Fear of the unknown does not dissuade users
Many Phoenix pedestrians we spoke with have seen Waymo’s vehicles around the city. They noted, most often, the spinning lidar sensors fixed to the exterior of the vehicle -- including a conspicuous dome on its roof.
People in Phoenix said they were open to taking their own trips in a Waymo vehicle, if they had not already.
Waymo has been driving in Arizona since 2016, has logged more than 20 million on public roads, including more than 500,000 miles without an autonomous specialist in the front seat of the vehicle.
Autonomously driven vehicles could make roads safer
Safety is a foundational pillar of Waymo’s approach to developing autonomous driving technology. The technology is designed to be constantly vigilant, obey road rules, and even identify and respect other road users, from cyclists to pedestrians.
Autonomous driving technology could help complement Phoenix’s efforts to make areas like downtown Phoenix safer for other drivers, pedestrians and cyclists.
“I think anybody who cycles regularly runs into people not watching out for you or blocking the bike lane or sometimes being weirdly road rage-y about sharing the road,” shared a Phoenix-area cyclist named Jesús.
The downtown area’s busy roadways are just one of the reasons Metro Phoenix makes an ideal launch environment.

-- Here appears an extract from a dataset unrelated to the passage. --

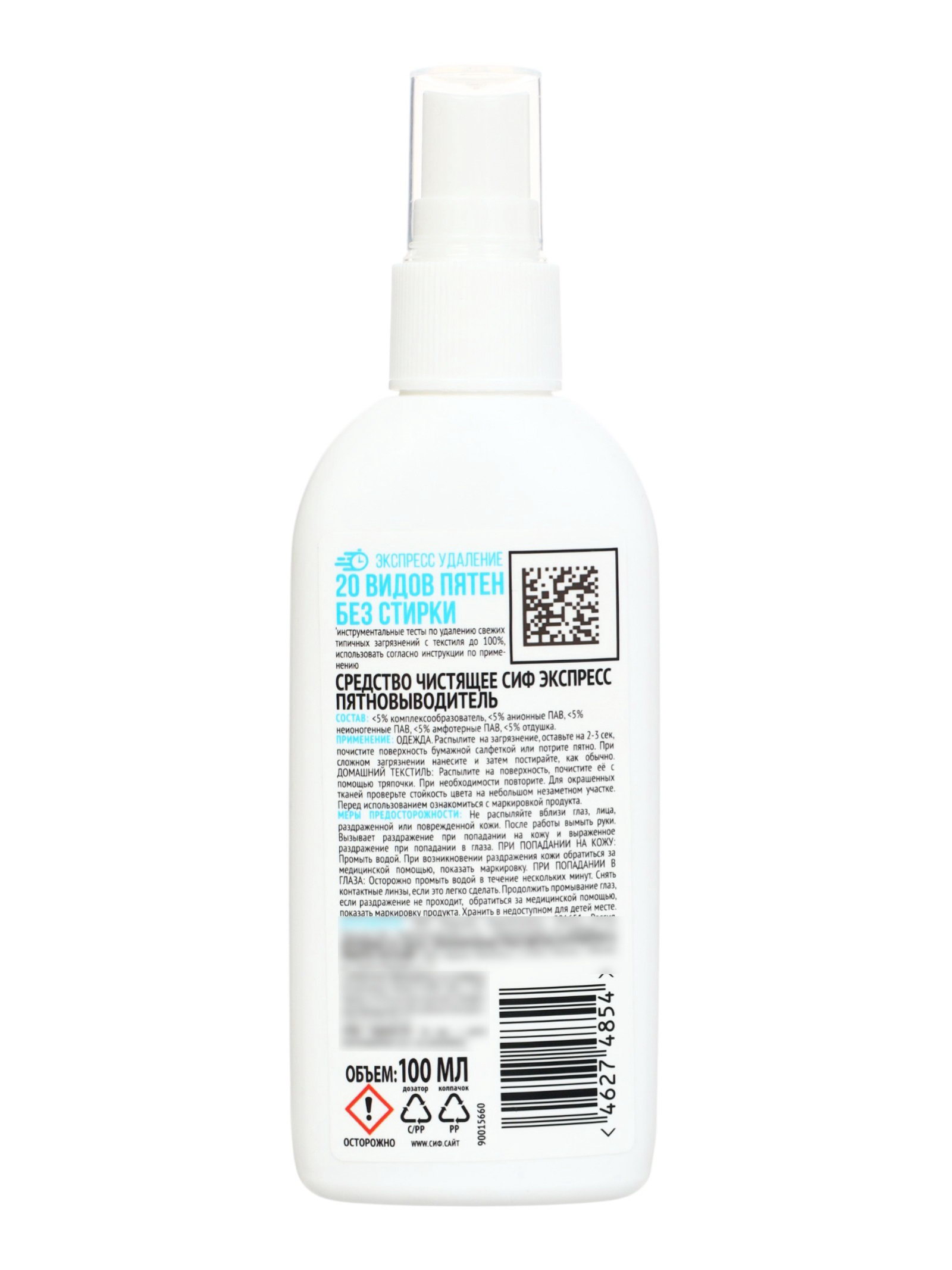 Средство чистящее экспресс пятновыводитель "СИФ", эффект без стирки, 100 мл, Cif, Россия

Waymo’s operating system is specially designed to detect cyclists and follow local bike lane laws, making it safe to share the road.
“It could, in a good way I think, lead to traffic smoothing if the technology is set for that,” said another Metro Phoenix resident named Sam.
Increasing independence for people with disabilities
The top benefit people cited was the broadening of independence and autonomy for people with disabilities. One man, named Andy, shared a personal story of how his brother had lost the use of his left arm, and how he thought autonomous driving technology could help him maintain his independence.
“I think it would actually be good for people who couldn't drive themselves,” a Metro Phoenix resident named Brittney. “Just so they won't have to rely on family members who are busy and stuff like that, and give them more autonomy.”
Improving how we navigate cities
There is no doubt in Phoenicians’ minds: autonomous driving technology will change and improve how we get around. Working to complement public transportation, autonomous driving technology could expand access to a system’s service areas and reduce the need for personal transportation. In fact, one couple hopes that one day parents will no longer need to teach their children to drive.
“Teaching your kid to drive is the worst thing you have to do as a parent,” they added. “Worse than potty training!”
“I think it’s a great thing,” said another Phoenix resident, named Susan, who was using an assistive mobility device. “I think it’s an advance in the future and I think we should always be looking towards the future.”